Diarmaid Ferriter’s new history of the Irish Civil War seeks to get at the human experience and day-to-day texture of the war and its aftermath. In Between Two Hells, combat itself is skimmed over quickly. Other books have dealt with the strictly military side of things, but Ferriter has other interests. He has delved into the primary sources and found out what people thought and how people felt about the war, how they experienced military life, internment, hunger strikes, etc.

The first half of the book follows the course of the Civil War from its origins in the Treaty to the ‘dump arms’ order given by the Republican leadership less than a year after hostilities began. The second half of the book deals with the war’s legacy right up until today. The book is heavy on personal stories and experiences, all in the framework of an engaging narrative.

The book doesn’t pull its punches on the Republican side – they funded their cause through hundreds of robberies even before the war broke out; the leaders were long on incoherent romanticism, short on plans; some of the rank-and-file committed terrible atrocities.

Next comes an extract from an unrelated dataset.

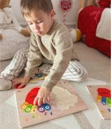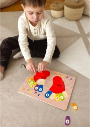 Тази пъзел дъска помага на децата да се научат да броят и да различават цветовете чрез интерактивна игра.
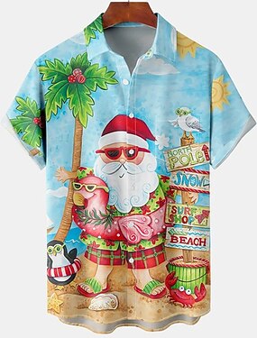 рождественская мужская гавайская рубашка с Санта-Клаусом гавайская графика Санты | для улицы, синий хлопок | пляж | рубашки с принтом алоха-клауса, отложной воротник, 3D, короткие рукава, одежда с

But it’s the emerging Free State government who come across as despicable. Their army was ill-disciplined and drunk. O’Daly, the commander of the force which committed the Ballyseedy massacre, was also responsible for other atrocities. After the war he lived out his life in prosperity and comfort. The Free State government kept up a barrage of sexist insults against women Republican activists and rejected any possibility of a peace treaty.

‘If we have to exterminate ten thousand Republicans,’ declared Cosgrave, ‘the three millions of our people is bigger than this ten thousand.’ The mathematics are beyond reproach, but the grammar leaves something to be desired, and the ethics are bankrupt. Needless to say, at no point were ‘the three millions’ in danger of extermination at the hands of Eamon De Valera.

The total fatalities of the war were closer to one than to ten thousand – maybe 1500 in all. Ferriter acknowledges that compared to the Finnish Civil War, we got off lightly (36,000 killed in  just 5 months in a population similar in size to that of Ireland). But the three millions, who had exhibited such revolutionary energy in the years 1913-1923, were demoralised, even crushed, and left with deep scars.

The pension archives have proved to be a gold mine for historians and that is reflected in this book. The applications have revealed a wealth of personal stories, often tragic and harrowing. 82,000 people made applications for pensions for their military service during the revolutionary period. By 1960 only 18,000 had received a pension, and many claimed that the pensions went to those who had connections, not necessarily those who had risked their lives.

While there are many fascinating stories and valuable insights in the second half of the book, it has less momentum than the first half. It appears to be part of a trend of focusing on how history has been commemorated as opposed to the events themselves. Readers might expect a single chapter, not a whole half of the book, to be devoted to the war’s legacy.

Ferriter has done a great job of tracing the subsequent histories of many participants in the war and their families – from the ‘big names’ to obscure individuals maimed, traumatised or killed. That’s where the pensions archive in particular comes into its own. In places the toll of trauma and misery becomes relentless, with an element of repetition, and pointing toward no clear conclusion. But this is no doubt a feature rather than a bug – the author wants to hammer home a phenomenon that’s been overlooked. When we talk about war, we don’t think about the soldier who spent a night searching in a river for the body of his dead friend and ended up contracting a life-long illness. We don’t know about the 80-100 veterans of the Free State army who could be found sleeping rough in the Phoenix Park on an ordinary night in 1925. It’s not heroic or edifying but it’s true.

Between two hells: the Irish Civil War by Diarmaid Ferriter, published by Profile Books, 2021.